The Kemp-Rossi review also found two batches of absentee ballots in which all 100 votes in each batch were given to Biden. In fact, the actual images show Biden only got 60 votes in one batch and 78 in the other.
The largest tally of all Biden votes that Fulton County reported was 950 votes for Biden and none for Trump, all apparently from a batch of military absentee ballots.
But when Kemp and Rossi went to the images, the tallies were magnitudes smaller: just 92 votes for Biden and six for Trump, the letter said.
Rossi also flagged several batches of ballots that included misidentified batch numbers for which there were no corresponding ballot images, something that led some experts last summer to worry there were missing batches of ballots.
In fact, Kemp's letter said, it was likely Fulton County wrote down erroneous batch numbers.
"The 36 inconsistencies noted by Mr.

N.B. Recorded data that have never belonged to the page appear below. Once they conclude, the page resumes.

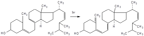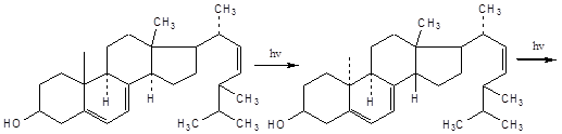 Механизм образования кальциферолов основан на фотохимической реакции, которой подвергают природные стерины (эргостерин, холестерин и др.). При ультрафиолетовом облучении (фотолизе) эргосерина образуется ряд продуктов, в том числе эргоальциферол:
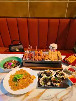 This time I went to Joyo intown to find food. It is close to the border and several shopping malls, so it is quite convenient 😆. This time I wanted to eat skewers and found a Teochew restaurant that serves Teochew dishes, skewers and cocktails. The shop is located in the middle of the 4th floor, with a modern decoration of red brick walls and an outdoor dining area🙈.
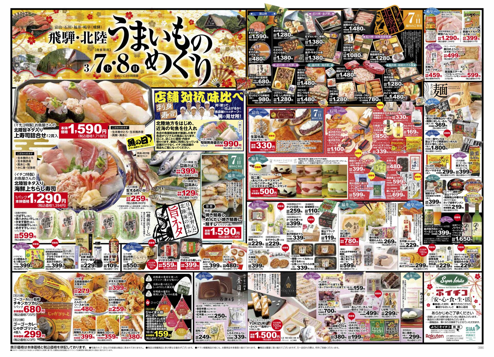 平素は格別のご高配を賜り厚く御礼申し上げます。さて、この度、弊社商流のお得意様・スーパーイチコ様にて慣例の飛騨・北陸うまいものめぐりの催事をバックアップさせて頂く事になりました。今回は、富山名物昆布ガリをはじめ様々な商品を数量限定にてご用意させて頂きました。3月7日(土)8日(日)は是非お近くイチコ各店へお出かけ下さい。
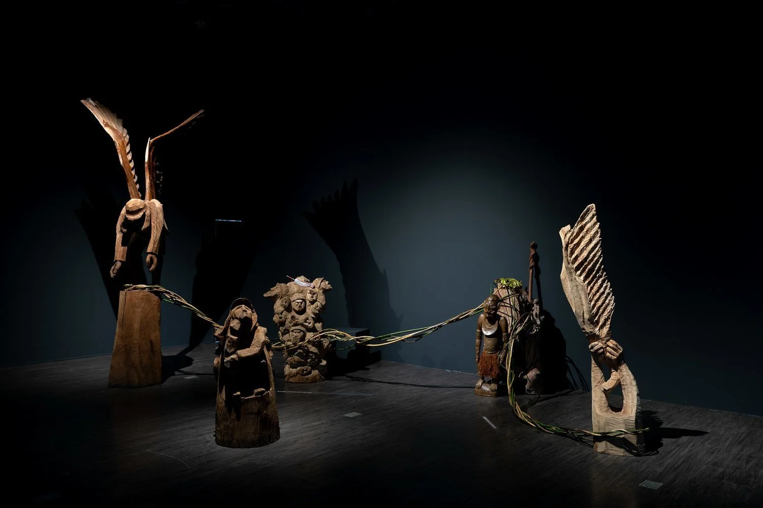 The exhibition also seeks to highlight ways in which islandic Taiwan shares colonial, maritime and genetic histories with the rest of archipelagic Southeast Asia. Siki Sufin's work addresses the forgotten history of Taiwanese indigenous soldiers, known as the Takasago Volunteers, sent to the most violent battlefield of the Pacific War in New Guinea during the Japanese colonial period. Tracing their journey to New Guinea and working with a local artist Papa David, these soldiers are evoked in the figure with spreading wings which symbolically brings home the souls of those who died in foreign countries.
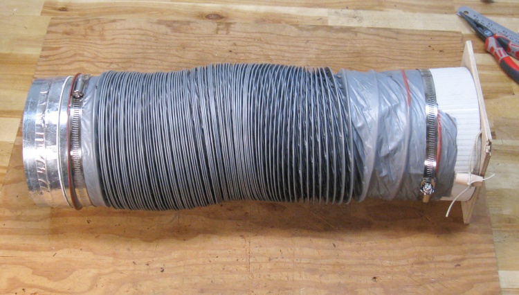 This photo shows the base-unit end of the hose assembly with the new toggle and cord attached. The tube (OK, a piece of a plant pot) is a durable barrier for debris thrown by the impeller.
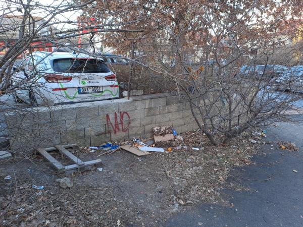 odpadky podél spojnice ulice Nad Kapličkou a Malešická jako u hlášení # 17749
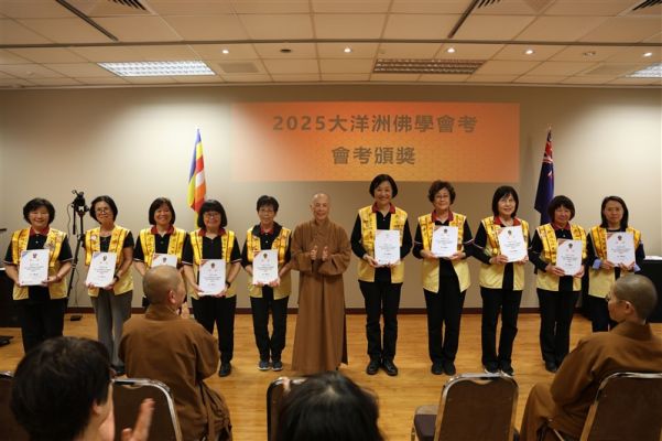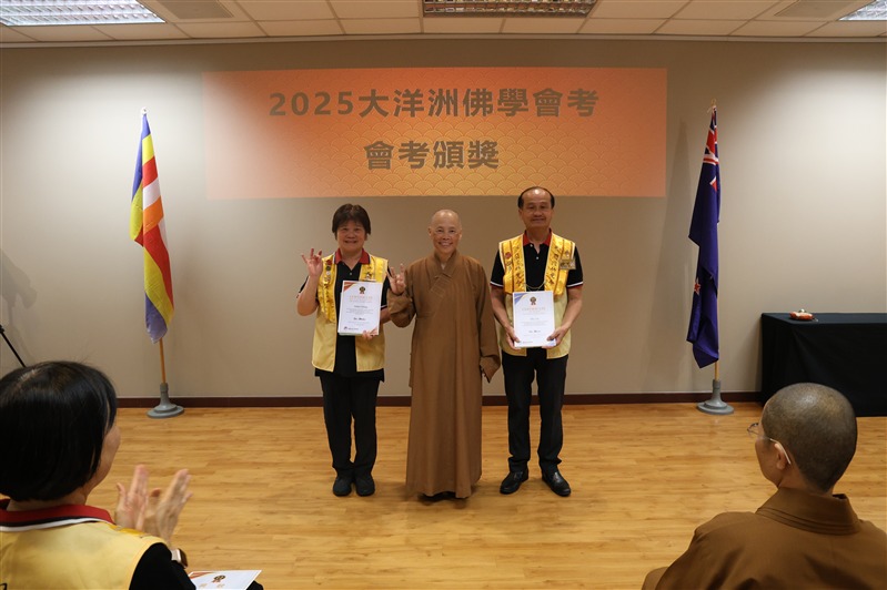 顧榆齡會長代表佛光人感謝常住法師帶領大眾,積極推動人間佛教各項活動,把溫暖與安定帶給社區。其中紐西蘭毛利第一武士暨傳統守護人感應毛利祖靈啟示,特別尋訪到北島佛光山敬獻珍寶玉石,並帶領14位毛利武士以莊嚴戰舞禮敬三寶及佛光山開山祖師星雲大師,譜寫人間佛教本土化的重要篇章。顧會長也分享北島佛光山獲評紐西蘭園藝信託組織 New Zealand Garden Trust四星園林,被評為 「具重要意義的庭園 Garden of Significance」,表示佛光山不僅是素雅的禪園,更是推動文化交流、心靈教育、藝術美學與社會關懷的重要平台,感謝住持長年親自帶領團隊修剪照顧園林,獲得獎項可謂實至名歸,能夠在清淨莊嚴的道場共同學習與成長,實為大眾的福報。
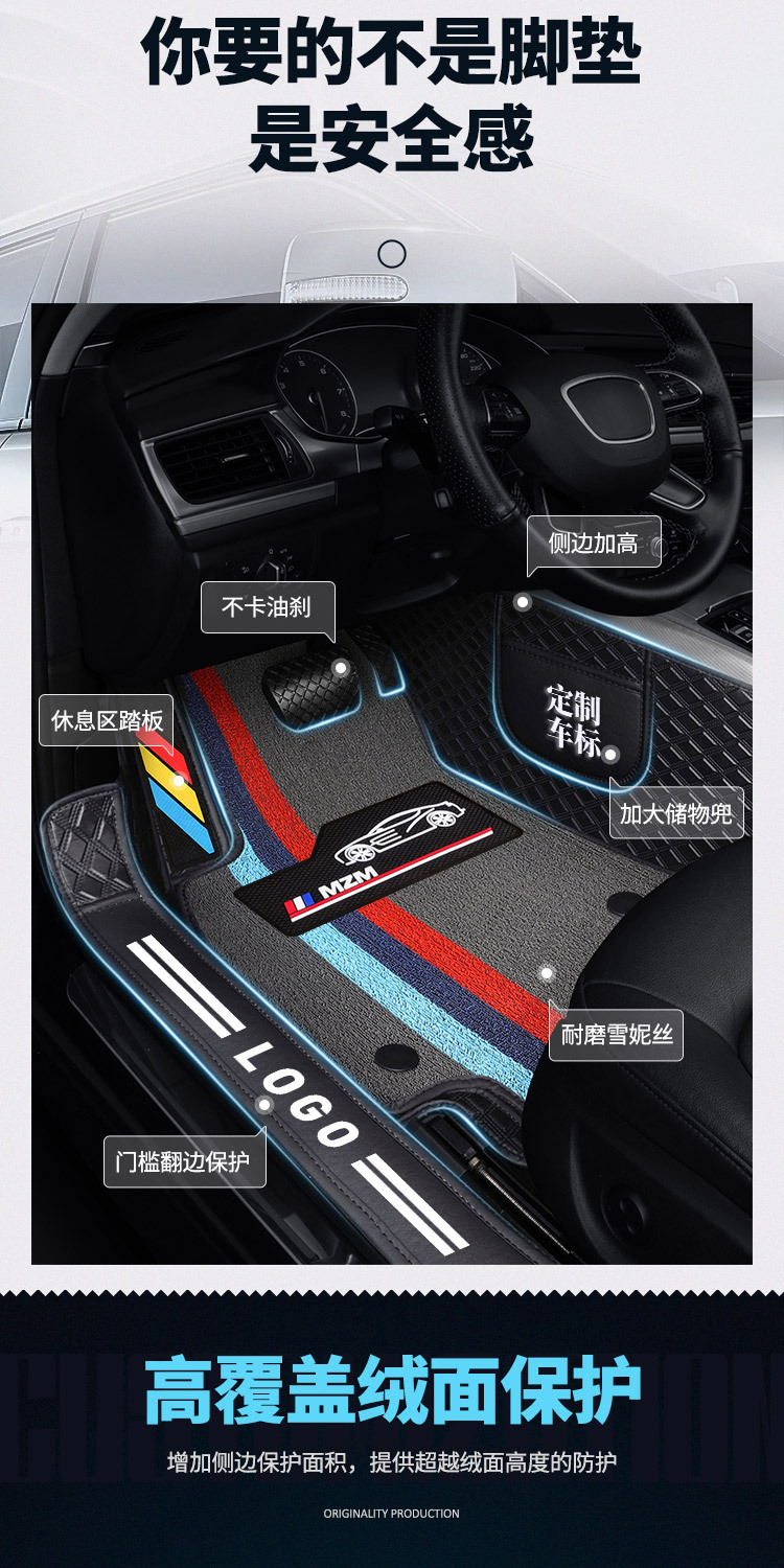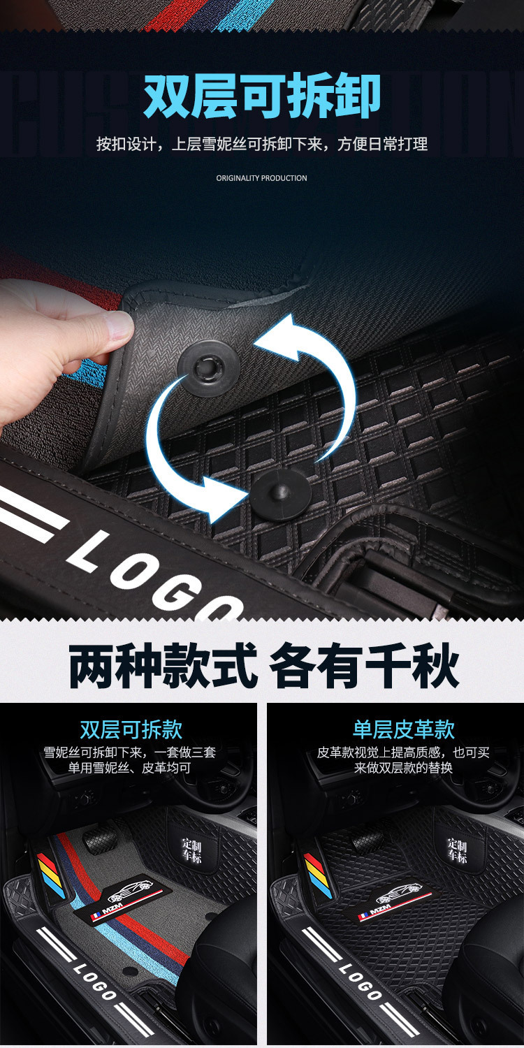 Grosir mobil dikelilingi sepenuhnya tikar kaki cincin kawat mobil khusus antiselip tikar kaki mobil ramah lingkungan tahan aus tikar lantai
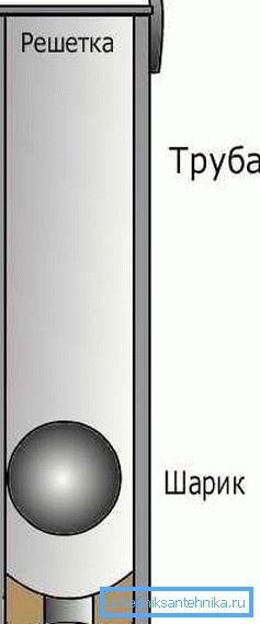 Desde una fuerte reducción al impactar en la parte inferior, la arcilla comienza a moverse y sus partículas llenan el espacio. Con una bajada brusca, la bola de metal abre el canal de admisión y el agua y la arcilla entran en la cavidad interna de la yema. Al levantar, la bola cierra el canal y el agua sucia permanece en el cilindro. Repetimos tales movimientos 2 o 3 veces y lentamente elevamos el cilindro a la superficie.
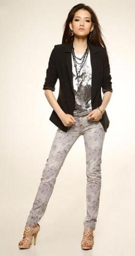 门襟处为假两件式的拼接设计,细格纹的反光面料,为一贯的优雅印象注入帅酷性格,前身修身的分割线处有三粒纽扣装饰,很好的与门襟相呼应,修身板型的小西装为都市中拥有独特个性和崇尚自由的时尚白领专属设计,为充满个性与幻想的自由主义者打造时尚前卫服饰。
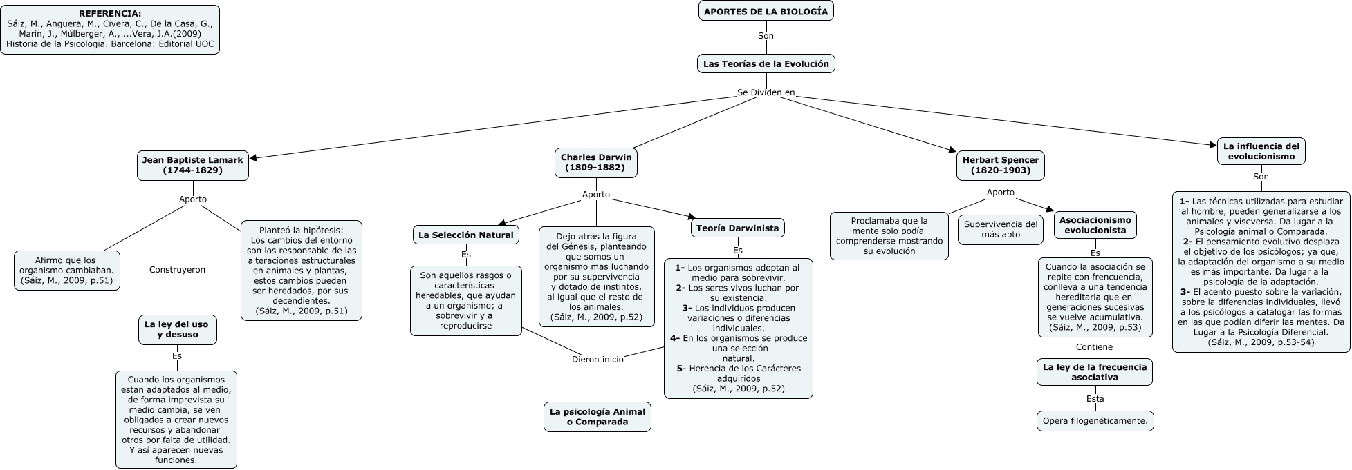 Este Cmap, tiene información relacionada con: Aportes de la Biología a la Historia de la Psicología, Charles Darwin (1809-1882) Aporto Dejo atrás la figura del Génesis, planteando que somos un organismo mas luchando por su supervivencia y dotado de instintos, al igual que el resto de los animales. (Sáiz, M., 2009, p.52), 1- Los organismos adoptan al medio para sobrevivir. 2- Los seres vivos luchan por su existencia. 3- Los individuos producen variaciones o diferencias individuales. 4- En los organismos se produce una selección natural. 5- Herencia de los Carácteres adquiridos (Sáiz, M., 2009, p.52) Dieron inicio La psicología Animal o Comparada, Son aquellos rasgos o características heredables, que ayudan a un organismo; a sobrevivir y a reproducirse Dieron inicio La psicología Animal o Comparada, Cuando la asociación se repite con frencuencia, conlleva a una tendencia hereditaria que en generaciones sucesivas se vuelve acumulativa. (Sáiz, M., 2009, p.53) Contiene La ley de la frecuencia asociativa, Planteó la hipótesis: Los cambios del entorno son los responsable de las alteraciones estructurales en animales y plantas, estos cambios pueden ser heredados, por sus decendientes. (Sáiz, M., 2009, p.51) Construyeron La ley del uso y desuso, Las Teorías de la Evolución Se Dividen en Charles Darwin (1809-1882), Las Teorías de la Evolución Se Dividen en La influencia del evolucionismo, Jean Baptiste Lamark (1744-1829) Aporto Afirmo que los organismo cambiaban. (Sáiz, M., 2009, p.51), La ley de la frecuencia asociativa Está Opera filogenéticamente., Dejo atrás la figura del Génesis, planteando que somos un organismo mas luchando por su supervivencia y dotado de instintos, al igual que el resto de los animales. (Sáiz, M., 2009, p.52) Dieron inicio La psicología Animal o Comparada, La ley del uso y desuso Es Cuando los organismos estan adaptados al medio, de forma imprevista su medio cambia, se ven obligados a crear nuevos recursos y abandonar otros por falta de utilidad. Y así aparecen nuevas funciones., Afirmo que los organismo cambiaban. (Sáiz, M., 2009, p.51) Construyeron La ley del uso y desuso, APORTES DE LA BIOLOGÍA Son Las Teorías de la Evolución, Teoría Darwinista Es 1- Los organismos adoptan al medio para sobrevivir. 2- Los seres vivos luchan por su existencia. 3- Los individuos producen variaciones o diferencias individuales. 4- En los organismos se produce una selección natural. 5- Herencia de los Carácteres adquiridos (Sáiz, M., 2009, p.52), La influencia del evolucionismo Son 1- Las técnicas utilizadas para estudiar al hombre, pueden generalizarse a los animales y viseversa. Da lugar a la Psicología animal o Comparada. 2- El pensamiento evolutivo desplaza el objetivo de los psicólogos; ya que, la adaptación del organismo a su medio es más importante. Da lugar a la psicología de la adaptación. 3- El acento puesto sobre la variación, sobre la diferencias individuales, llevó a los psicólogos a catalogar las formas en las que podían diferir las mentes. Da Lugar a la Psicología Diferencial. (Sáiz, M., 2009, p.53-54), Asociacionismo evolucionista Es Cuando la asociación se repite con frencuencia, conlleva a una tendencia hereditaria que en generaciones sucesivas se vuelve acumulativa. (Sáiz, M., 2009, p.53), Herbart Spencer (1820-1903) Aporto Asociacionismo evolucionista, Herbart Spencer (1820-1903) Aporto Supervivencia del más apto, Jean Baptiste Lamark (1744-1829) Aporto Planteó la hipótesis: Los cambios del entorno son los responsable de las alteraciones estructurales en animales y plantas, estos cambios pueden ser heredados, por sus decendientes. (Sáiz, M., 2009, p.51), Las Teorías de la Evolución Se Dividen en Herbart Spencer (1820-1903)
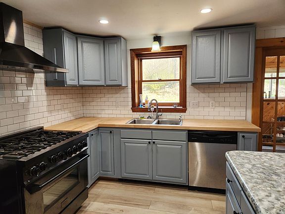 Hillside Ranch on a double lot with 2-3 Bedrooms, Large open Kitchen with a professional chef's gas stove and hood exhaust. Oversized heated garage with 3 garage doors and on a dead end road! Daylight basement has plenty of room for more living space or activities. Shopping, Restaurants and hospital all within 20 minuets!
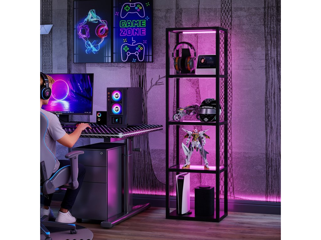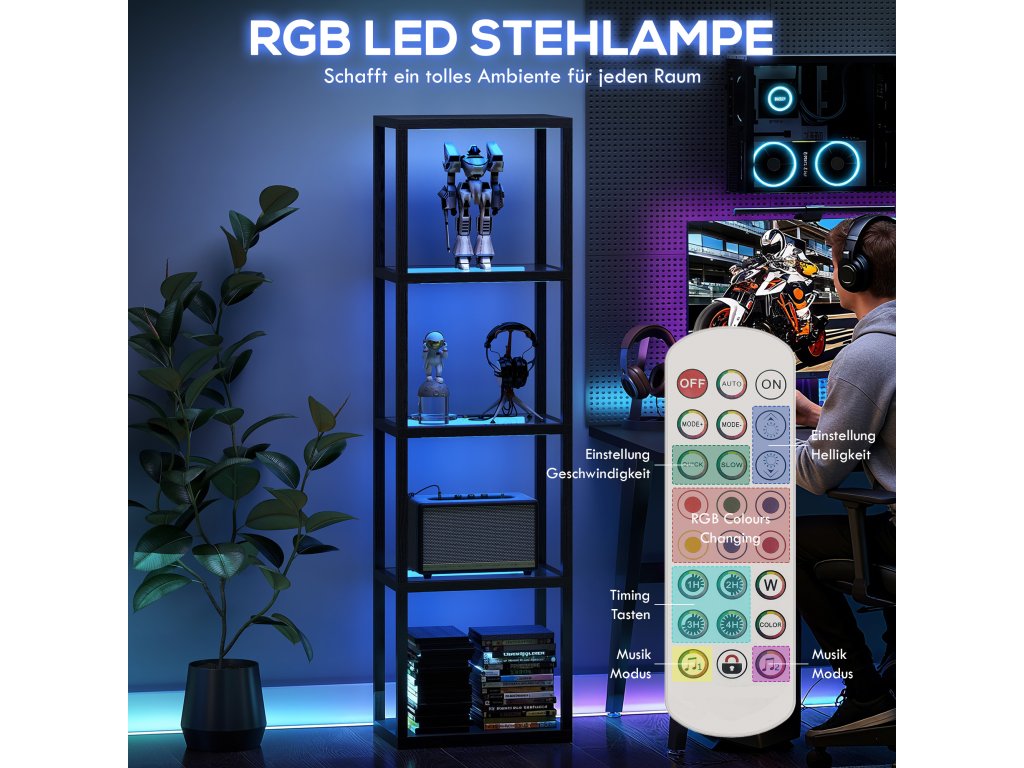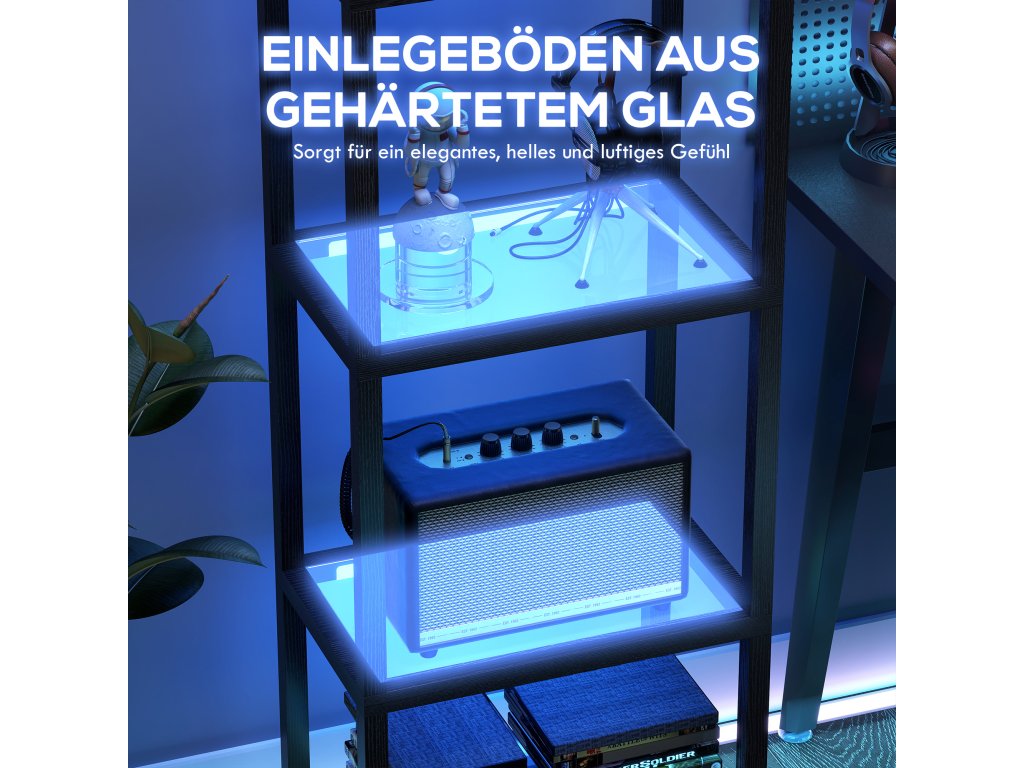 Vadí vám nudný pokoj, který neodráží vaši náladu? Vaše sběratelské předměty zůstávají bez povšimnutí a filmové večery postrádají tu zvláštní jiskru. Tato stojací lampa HOMCOM s poličkami oživí váš pokoj synchronizací barevného světla RGB s hudbou a vytvoří skutečnou atmosféru večírku. Barvy, režimy a jas můžete ovládat pomocí dálkového ovladače. Tři skleněné police stojací lampy jsou nejen praktické, ale také efektně vystaví vaše dekorace.

Rossi are factual in nature, pose no underlying theories outside of the reported data, and could not be explained by my office after a thorough review detailed below," the governor wrote the elections board.
"The purpose of this letter is to convey these inconsistencies to the Board and request them to be explained or corrected," Kemp added. "To be clear, this letter does not purport to dispute or contest the outcome of the 202O election, but rather to highlight apparent inconsistencies discovered in the RLA Report data."
Kemp's letter ordered the board to force corrections to any vote totals if there were "verified errors" and to "review the audit methodology used in counties across Georgia, and create a prescriptive and uniform set of rules that ensure one process is followed by all counties."